In vitro mechanism of action studies have shown that Azixa binds to tubulin and destabilizes microtubules, which are cellular structures that play an important role in cell division and proliferation. This leads to inhibition of cell division and apoptosis [3] [7]. However, unlike other tubulin binding drugs, such as vincristine, vinblastine and vinorelbine, and the chemotherapeutic class of drugs known as taxanes, such as paclitaxel and docetaxel, Azixa does not appear to be a substrate for multidrug resistance pumps. The activity of Azixa in multidrug resistant cell lines was similar to its activity in nonresistant cell lines [3] [7]. Azixa has demonstrated potent activity in multiple cancer cell types, including glioma, melanoma, colon cancer, pancreatic cancer, breast cancer and ovarian [1] [2]. In mice, Azixa significantly inhibited the growth of a variety of subcutaneously implanted tumor lines [4].

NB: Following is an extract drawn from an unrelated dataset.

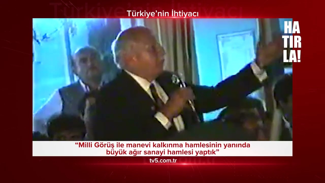 HATIRLA! HATIRLA! 222 “Milli Görüş ile manevi kalkınma hamlesinin yanında büyük ağır sanayi hamlesi yaptık” 30.04.2025 - 13:42 30.04.2025 - 13:42 Abone Ol Gelişmelerden haberdar olmak istiyor musunuz? Google News’te TV5 sitemize abone olun. Abone Ol

Azixa has also been shown to act as a VDA in a mouse model of human ovarian cancer [5]. Thus, Azixa has a dual mode of action; it induces apoptosis and acts as a VDA, resulting in tumor cell death. VDAs have been established to reduce interstitial pressure in the tumor microenvironment which may increase local exposure to cytotoxic chemotherapy. Consistent with this hypothesis, Azixa acts synergistically with the chemotherapeutic agent carboplatin in this mouse model of ovarian cancer. Accordingly, we believe Azixa has the potential to be used either in combination with cytotoxic chemotherapies or as a single agent [5]. In addition, data from two xenograft cancer models demonstrated that the combination of Azixa and Avastin® (bevacizumab) was more efficacious than treatment with Avastin alone [9].

The distribution of Azixa into the CNS was evaluated in mice and the time to maximum drug concentration was the same in both plasma and brain tissue, indicating that Azixa distributed rapidly into the CNS. Remarkably, Azixa concentration in the brain was 14 fold that in the plasma [1]. Similar studies were performed in dogs and demonstrated a 30 fold higher concentration in the brain. These data suggest that it is possible to reach therapeutic drug concentrations of Azixa in the CNS with minimal systemic exposure. Based on these results, we tested the anti-tumor activity (tumor growth and survival) of Azixa in a mouse model in which human glioma cells had been implanted in the brain. This study showed a statistically significant reduction in tumor burden and a statistically significant increase in survival when compared to vehicle treated mice [8] [9].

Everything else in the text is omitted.